As Evola continues his analysis of the German legal scholar Hans Keller, we see recognizable themes. In particular, Keller comes surprisingly close to the New Right idea of Ethnopluralism. In Klemmer’s scheme, each people is free to define themselves, to realize themselves, and live independently of each in their own enclaves. So, the “New Right” is not so new after all, as it merely resurrects stillborn ideas from the past. Evola rejects this conception on several grounds.

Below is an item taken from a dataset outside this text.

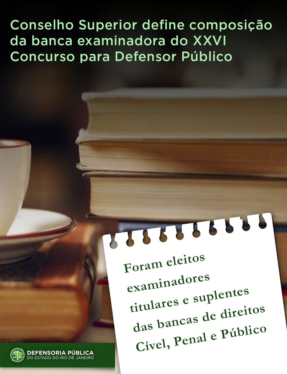 Ao todo, 21 membros da DPRJ se candidataram a uma vaga na banca examinadora. Para a Banca de Direito Civil, foram escolhidos como titulares os defensores Arnaldo Goldemberg e Rafael Renner, assim como as defensoras Patrícia Cardoso e Luciene Torres. Já para a Banca de Direito Penal, foram eleitos, além da advogada Fernanda Prates, os defensores Denis Sampaio e as defensoras Katia Varela Mello e Ana Lúcia Tavares Ferreira. Para a banca de Direito Público, por sua vez, foram aprovados o defensor Rodrigo Azambuja e as defensoras Eufrásia Maria Souza das Virgens, Ana Flavia Szchumazer e Renata Tavares.

The first and most obvious is Keller’s naturalistic starting point. Evola points out that for every Aryan civilization, the authority of their law was based on its relationship to the supernatural, and the lawgivers themselves were considered “divine”. So Klemmer, and by extension the New Right, have nothing at all to do with the self-understanding of the European peoples of the past. Keller regards such claims as fantasies and projections of earthly leaders onto an imaginary plane. Any rightist movement must be related to a transcendental tradition; the pseudo-tradition of neo-paganism would not qualify for reasons that will be made clear in Part III.
The second difficulty with Keller’s thesis is the very problem of defining a “volk”. Keller speaks of nations of destiny or becoming, without specifying their actual destiny or the goal of the becoming. As such, it is not very helpful. Furthermore, it implies that there will be nations in a lesser or greater state of becoming. Would the latter have to treat the former as minors and guide their development?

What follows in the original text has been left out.